The product that they are probably offering you is called Geotab. We sell that as well, but mainly to companies with a few hundred vehicles. The reason is that its got a fairly high startup cost and doesn't really allow for too much growth. If you do decide to go with Geotab be sure to ask about service and support. Some companies don't charge as much as they should for the units and make up their money on service calls at $200+ per hour.

As for the price of GPS tracking, what it comes down to is whether you think it will save about 1.5 liters of gas per day. If you can, then you break even on the cost and now have more control of your business.


----------



## IMAGE (Oct 21, 2007)

Nero, I still think about getting your GPS system. I think about it every storm and wish I had it when I am doing the paperwork afterwards. It seems EVERY fricking storm my resi driver forgets to date or even fill out the important parts of the log sheet! I'm gonna have to save up some $$ and get ahold of you, it might be a few months, but I know its gonna be invaluable to have. Thanks again for the demo.


----------



## NeroGPS (Oct 31, 2008)

IMAGE;705082 said:


> Nero, I still think about getting your GPS system. I think about it every storm and wish I had it when I am doing the paperwork afterwards. It seems EVERY fricking storm my resi driver forgets to date or even fill out the important parts of the log sheet! I'm gonna have to save up some $$ and get ahold of you, it might be a few months, but I know its gonna be invaluable to have. Thanks again for the demo.


No problem Image, if you would like to get it sooner than later send me an email and we'll try to set up some sort of payment plan.


----------



## QuadPlower (Jan 4, 2007)

No. I don't think that will work. It looks like the driver drove across the block to get to the next stop. And arrows would work better than triangles I would think.

I want a GPS screen in the truck with the roads on the screen. When the truck moves down the road, I want the color of the road to change from say yellow to blue. That way driver knows he has been down that street to pick up sticks. He can zoom out and see several blocks and realize he didn't hit a certian street. Then he can go back and get it. I might have several drivers doing each route at different times of the year is why I need it.

The screen can reset back to origional colors each day or when ever it is reset.


----------



## NeroGPS (Oct 31, 2008)

QuadPlower;705680 said:


> No. I don't think that will work. It looks like the driver drove across the block to get to the next stop. And arrows would work better than triangles I would think.
> 
> I want a GPS screen in the truck with the roads on the screen. When the truck moves down the road, I want the color of the road to change from say yellow to blue. That way driver knows he has been down that street to pick up sticks. He can zoom out and see several blocks and realize he didn't hit a certian street. Then he can go back and get it. I might have several drivers doing each route at different times of the year is why I need it.
> 
> The screen can reset back to origional colors each day or when ever it is reset.

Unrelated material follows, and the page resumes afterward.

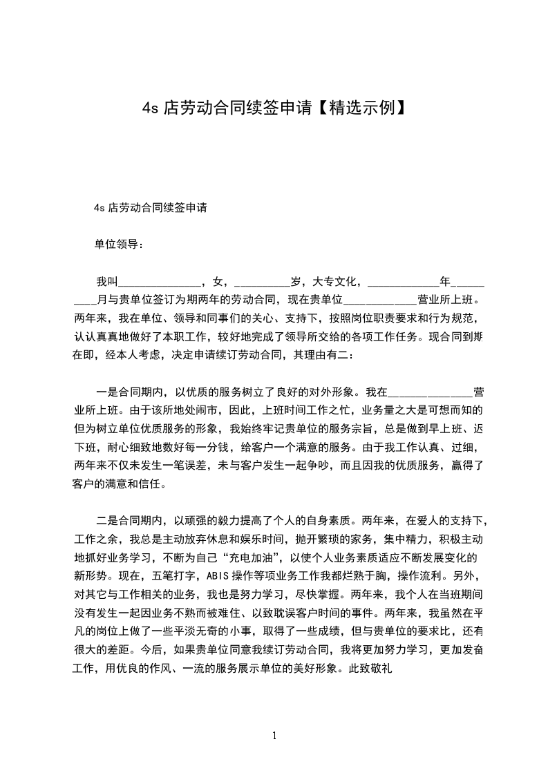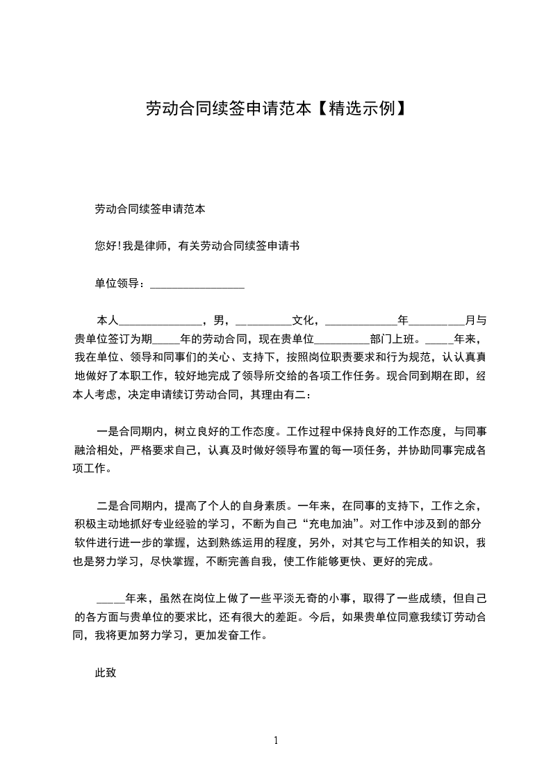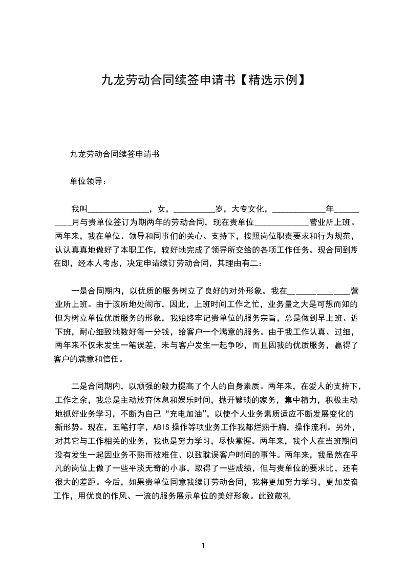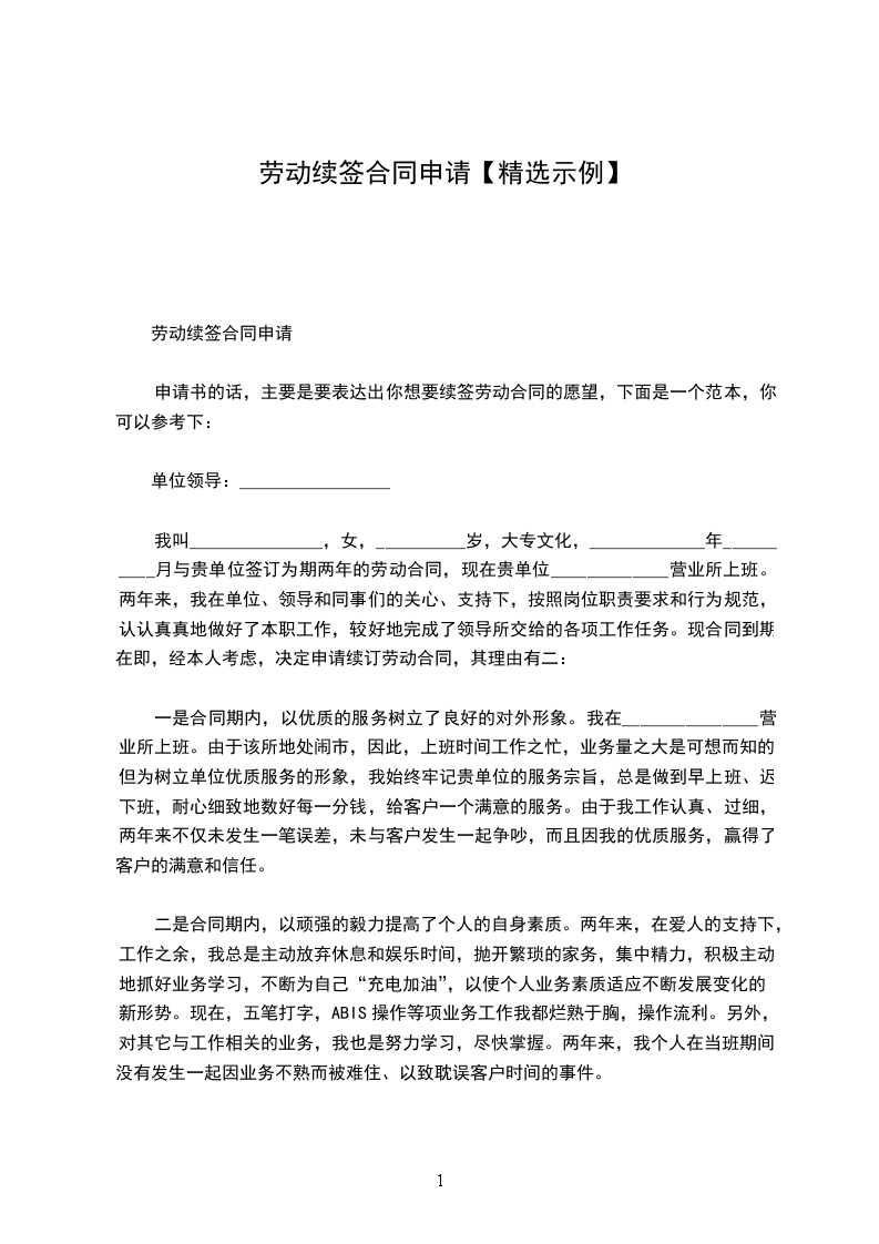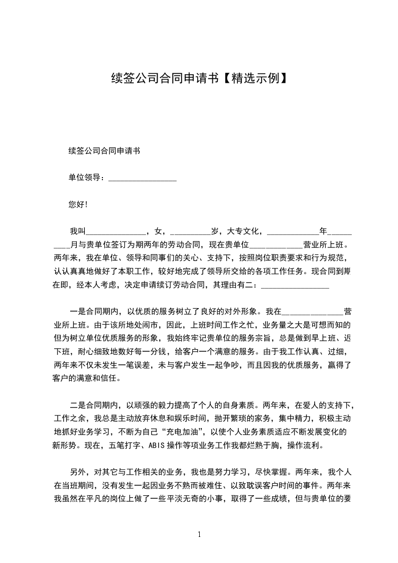 我叫_______________,女,__________岁,大专文化,_____________年__________月与贵单位签订为期两年的劳动合同,现在贵单位_____________营业所上班。两年来,我在单位、领导和同事们的关心、支持下,按照岗位职责要求和行为规范,认认真真地做好了本职工作,较好地完成了领导所交给的各项工作任务。现合同到期在即,经本人考虑,决定申请续订劳动合同,其理由有二:一是合同期内,以优质的服务树立了良好的对外形象。我在_______________营业所上班。由于该所地处闹市,因此,上班时间工作之忙,业务量之大是可想而知的。但为树立单位优质服务的形象,我始终牢记贵单位的服务宗旨,总是做到早上班、迟下班,耐心细致地数好每一分钱,给客户一个满意的服务。由于我工作认真、过细,两年来不仅未发生一笔误差,未与客户发生一起争吵,而且因我的优质服务,赢得了客户的满意和信任。二是合同期内,以顽强的毅力提高了个人的自身素质。两年来,在爱人的支持下,工作之余,我总是主动放弃休息和娱乐时间,抛开繁琐的家务,集中精力,积极主动地抓好业务学习,不断为自己“充电加油”,以使个人业务素质适应不断发展变化的新形势。现在,五笔打字,ABIS操作等项业务工作我都烂熟于胸,操作流利。另外,对其它与工作相关的业务,我也是努力学习,尽快掌握。两年来,我个人在当班期间,没有发生一起因业务不熟而被难住、以致耽误客户时间的事件。两年来,我虽然在平凡的岗位上做了一些平淡无奇的小事,取得了一些成绩,但与贵单位的要求比,还有很大的差距。今后,如果贵单位同意我续订劳动合同,我将更加努力学习,更加发奋工作,用优良的作风、一流的服务展示单位的美好形象。此致敬礼
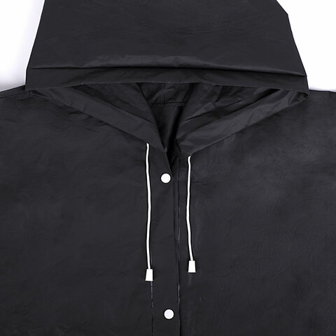 Дождевик-плащ универсального размера с капюшоном изготовлен из этиленвинилацетата (EVA). Поверхность дождевика рельефная. Застёгивается на 6 пар кнопок из полипропилена (PP). В капюшоне есть кулиска с пластиковыми наконечниками.

The reason it looks like the driver drove across the block to get to the next stop is because GPS works "as the crow flies."

In your case the diamonds (or whatever icon you chose) would be a lot closer together. The screen I showed was with 2 min tracking instead on 1 minute and was of one of our guys driving around. He was going about 40km where your guys would probably be going slower looking for sticks.

Unfortunately I have not heard of anyone that does what you are looking for. The best thing for your driver might be a laminated map and a highlighter so he can highlight the roads as he does them.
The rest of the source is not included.